Phylodynamics is a set of population genetics tools that aim at reconstructing demographic history of a population based on molecular sequences of individuals sampled from the population of interest. One important task in phylodynamics is to estimate changes in (effective) population size. When applied to infectious disease sequences such estimation of population size trajectories can provide information about changes in the number of infections. To model changes in the number of infected individuals, current phylodynamic methods use non-parametric approaches (e.g., Bayesian curve-fitting based on change-point models or Gaussian process priors), parametric approaches (e.g., based on differential equations), and stochastic modeling in conjunction with likelihood-free Bayesian methods. The first class of methods yields results that are hard to interpret epidemiologically. The second class of methods provides estimates of important epidemiological parameters, such as infection and removal/recovery rates, but ignores variation in the dynamics of infectious disease spread. The third class of methods is the most advantageous statistically, but relies on computationally intensive particle filtering techniques that limits its applications. We propose a Bayesian model that combines phylodynamic inference and stochastic epidemic models, and achieves computational tractability by using a linear noise approximation (LNA) - a technique that allows us to approximate probability densities of stochastic epidemic model trajectories. LNA opens the door for using modern Markov chain Monte Carlo tools to approximate the joint posterior distribution of the disease transmission parameters and of high dimensional vectors describing unobserved changes in the stochastic epidemic model compartment sizes (e.g., numbers of infectious and susceptible individuals). In a simulation study, we show that our method can successfully recover parameters of stochastic epidemic models. We apply our estimation technique to Ebola genealogies estimated using viral genetic data from the 2014 epidemic in Sierra Leone and Liberia.

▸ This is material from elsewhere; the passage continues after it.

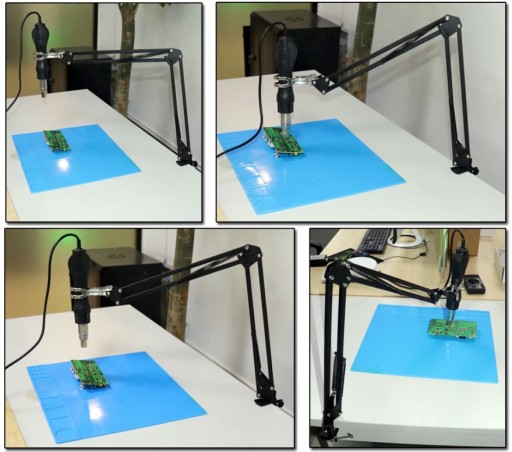 Uniwersalny uchwyt na kolbę gorącego powietrza HOT-AIR przeznaczony pozwala chwycić kolby o maksymalnej średnicy do 65mm. Uchwyt montujemy do krawędzi blatu stołu przy pomocy zacisku typu G czyli małego imadełka. Kolbę mocujemy przy pomocy uchwytu sprężynującego w pozycji pionowej. Dzięki wykorzystaniu oferowanego statywowy dla kolby HOT-AIR możemy nakierować strumień gorącego powietrza na lutowaną płytkę drukowaną PCB przy tym mając obie wolne dłonie, którymi możemy wykonywać inne czynności serwisowe.

系统动力学是一套群体遗传学工具，旨在根据从感兴趣的群体中抽样的个体的分子序列重建群体的人口统计学历史。系统动力学的一个重要任务是估计(有效)种群大小的变化。当应用于传染病序列时，这种对种群大小轨迹的估计可以提供有关感染数量变化的信息。为了模拟感染人数的变化，目前的系统动力学方法使用非参数方法(例如，基于变化点模型或高斯过程先验的贝叶斯曲线拟合)、参数方法(例如，基于微分方程)和结合无似然贝叶斯方法的随机建模。第一类方法产生的结果很难从流行病学上解释。第二类方法提供了重要的流行病学参数的估计，例如感染率和清除/恢复率，但忽略了传染病传播动态的变化。第三类方法在统计上是最有利的，但依赖于计算密集型的粒子滤波技术，限制了它的应用。我们提出了一种贝叶斯模型，结合了系统动力学推断和随机流行病模型，并通过使用线性噪声近似(LNA)实现了计算可追溯性-一种允许我们近似随机流行病模型轨迹的概率密度的技术。LNA为使用现代马尔可夫链蒙特卡罗工具来近似疾病传播参数和描述随机流行病模型隔室大小(例如，感染和易感个体的数量)中未观察到的变化的高维向量的联合后向分布打开了大门。仿真研究表明，该方法可以成功地恢复随机流行病模型的参数。我们利用2014年塞拉利昂和利比里亚疫情的病毒遗传数据，将我们的估计技术应用于埃博拉谱系估计。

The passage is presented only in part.